According to the study results, it was noted that the number of patients undergoing transoral robotic surgery for early-stage oropharyngeal cancer considerably increased from 18.3% in 2010 to 35.5% in 2015 following approval of the surgery for that cancer by the U.S. Food and Drug Administration in 2009.

Also, the number of facilities carrying out transoral robotic surgery in the same period increased by more than two times, from 6.3% to 13.9%.

The countrywide increase in transoral robotic surgery for oropharyngeal cancer in the United States inspired the investigators to evaluate if the theoretical advantages of robotic surgery for oropharyngeal cancer patients offer outcomes that are equivalent to or better than the traditional treatments for that cancer type and others.

Besides the higher overall survival rates, the team identified that robotic surgery resulted in lower rates of positive surgical margins—12.5%—in comparison with a rate of 20.3% for non-robotic surgery in patients who have oropharyngeal cancer.

Positive surgical margins relate to cancer cells that continue to be at the edge of the tissue that has been eliminated surgically.

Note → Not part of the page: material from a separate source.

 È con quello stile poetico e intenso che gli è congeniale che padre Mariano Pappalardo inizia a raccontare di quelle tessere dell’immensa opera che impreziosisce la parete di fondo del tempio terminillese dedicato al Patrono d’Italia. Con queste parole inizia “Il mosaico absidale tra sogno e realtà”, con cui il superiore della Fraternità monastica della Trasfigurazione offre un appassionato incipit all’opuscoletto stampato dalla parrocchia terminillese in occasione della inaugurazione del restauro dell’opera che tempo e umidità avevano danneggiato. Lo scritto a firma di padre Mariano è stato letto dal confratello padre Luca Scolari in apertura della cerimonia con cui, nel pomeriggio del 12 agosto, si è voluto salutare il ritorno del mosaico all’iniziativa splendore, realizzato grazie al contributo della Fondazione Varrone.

Moreover, robotic surgery was related to the reduced use of postoperative chemoradiation, at 28.6%, in comparison with 35.7% for patients who had undergone non-robotic surgery.

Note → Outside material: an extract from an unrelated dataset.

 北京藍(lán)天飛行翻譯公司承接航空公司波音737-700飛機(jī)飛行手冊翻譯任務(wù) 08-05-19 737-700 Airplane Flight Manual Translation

Our purpose in doing this study was to see how this new technology, which has never been tested in a randomized, controlled trial, has influenced patterns of treatment and outcomes since its FDA approval. There is a learning curve with any new surgical technique, and new ones don't always translate into equal or improved outcomes.

Zachary S. Zumsteg, MD, Assistant Professor, Radiation Oncology, Cedars-Sinai Medical Center

Describing the findings of the study as “hypothesis-generating,” the team believes it will promote future randomized and controlled clinical trials.

Meanwhile, it’s reassuring to our patients that their survival rate is the same if not better with robotic surgery and they have the potential for a better quality of life.

Anthony T. Nguyen, MD, PhD, Study Lead Author, Department of Radiation Oncology, Cedars-Sinai Medical Center

The research was financially supported by Cedars-Sinai Cancer.